Question

Find a point on the curve y = x³ + 1 where the tangent is parallel to the chord joining (1, 2) and (3, 28) ?

Answer 1

​Let : 

\[f\left( x \right) = x^3 + 1\] 

The tangent to the curve is parallel to the chord joining the points  \[\left( 1, 2 \right)\] and \[\left( 3, 28 \right)\] .

Assume that the chord joins the points \[\left( a, f\left( a \right) \right)\] and \[\left( b, f\left( b \right) \right)\] .

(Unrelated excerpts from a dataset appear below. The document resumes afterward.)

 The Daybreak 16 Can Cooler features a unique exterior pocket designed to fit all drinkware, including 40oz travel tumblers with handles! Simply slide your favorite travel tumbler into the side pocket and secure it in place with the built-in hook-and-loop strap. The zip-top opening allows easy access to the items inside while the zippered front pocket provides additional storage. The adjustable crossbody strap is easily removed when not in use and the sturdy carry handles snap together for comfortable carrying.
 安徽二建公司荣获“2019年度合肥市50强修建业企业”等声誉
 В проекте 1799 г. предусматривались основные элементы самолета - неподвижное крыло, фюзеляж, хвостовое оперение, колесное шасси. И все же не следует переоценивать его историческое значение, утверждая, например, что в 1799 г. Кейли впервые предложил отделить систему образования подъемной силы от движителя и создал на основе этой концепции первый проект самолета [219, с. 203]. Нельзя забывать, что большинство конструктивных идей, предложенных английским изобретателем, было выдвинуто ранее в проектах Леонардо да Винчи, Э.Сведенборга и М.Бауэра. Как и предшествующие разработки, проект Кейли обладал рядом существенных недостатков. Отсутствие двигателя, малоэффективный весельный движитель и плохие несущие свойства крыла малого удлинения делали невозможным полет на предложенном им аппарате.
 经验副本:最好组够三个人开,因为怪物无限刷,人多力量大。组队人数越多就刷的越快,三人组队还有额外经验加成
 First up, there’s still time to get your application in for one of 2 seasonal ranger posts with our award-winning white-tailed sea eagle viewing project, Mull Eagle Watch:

\[\therefore\] \[a = 1, b = 3\]

The polynomial function is everywhere continuous and differentiable.
So, \[f\left( x \right) = x^3 + 1\] is continuous on \[\left[ 1, 3 \right]\] and differentiable on \[\left( 1, 3 \right)\] .

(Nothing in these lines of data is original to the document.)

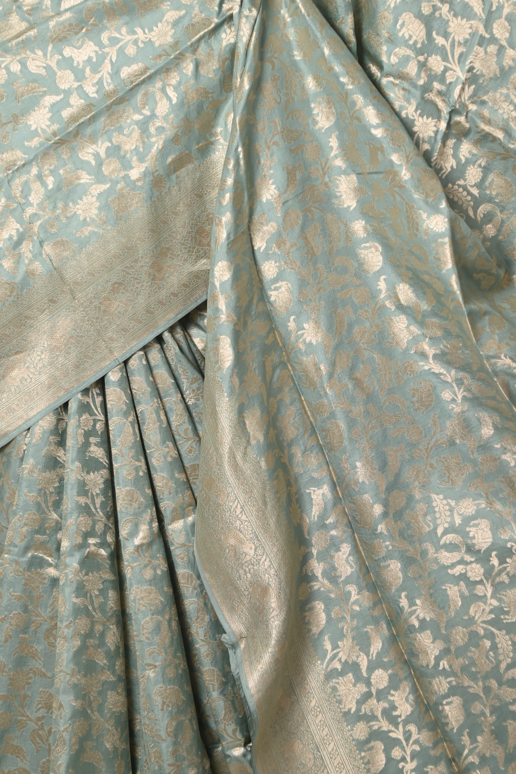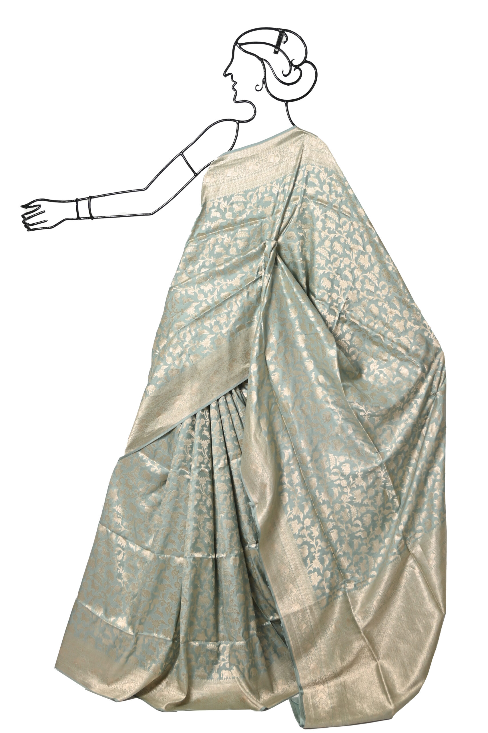 SKY BLUE KATAN BENARASI SAREE WITH ALL OVER SIKARGA WEAVE AND BLOUSE PIECE
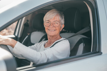 Senior woman smiles satisfied after parking the car. View from outside the car. Caucasian senior female.
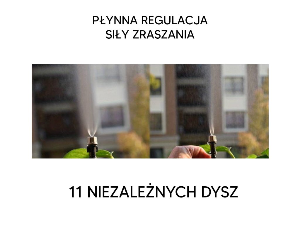 - Vybaven až 11 tryskami vytvářejícími vodní mlhu.

Thus, both the conditions of Lagrange's theorem are satisfied.
Consequently, there exists \[c \in \left( 1, 3 \right)\] such that 

\[f'\left( c \right) = \frac{f\left( 3 \right) - f\left( 1 \right)}{3 - 1}\] .

Now, 

\[f\left( x \right) = x^3 + 1\]\[\Rightarrow\] \[f'\left( x \right) = 3 x^2\] ,\[f\left( 1 \right) = 2, f\left( 3 \right) = 28\]

\[\therefore\] \[f'\left( x \right) = \frac{f\left( 3 \right) - f\left( 1 \right)}{3 - 1}\]

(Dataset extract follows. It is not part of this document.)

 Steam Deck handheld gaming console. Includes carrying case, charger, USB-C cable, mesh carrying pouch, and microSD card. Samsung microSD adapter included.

\[\Rightarrow\] \[3 x^2 = \frac{26}{2} \Rightarrow 3 x^2 = 13 \Rightarrow x = \pm \sqrt{\frac{13}{3}}\]

Thus,\[c = \sqrt{\frac{13}{3}}\]  such that ​

\[f'\left( c \right) = \frac{f\left( 3 \right) - f\left( 1 \right)}{3 - 1}\] .

Clearly, 

\[f\left( c \right) = \left[ \left( \frac{13}{3} \right)^\frac{3}{2} + 1 \right]\]

Thus, \[\left( c, f\left( c \right) \right)\]  i.e.​  

\[\left( \sqrt{\frac{13}{3}}, 1 + \left( \frac{13}{3} \right)^\frac{3}{2} \right)\]  is a point on the given curve where the tangent is parallel to the chord joining the points \[\left( 1, 2 \right)\] and \[\left( 3, 28 \right)\] .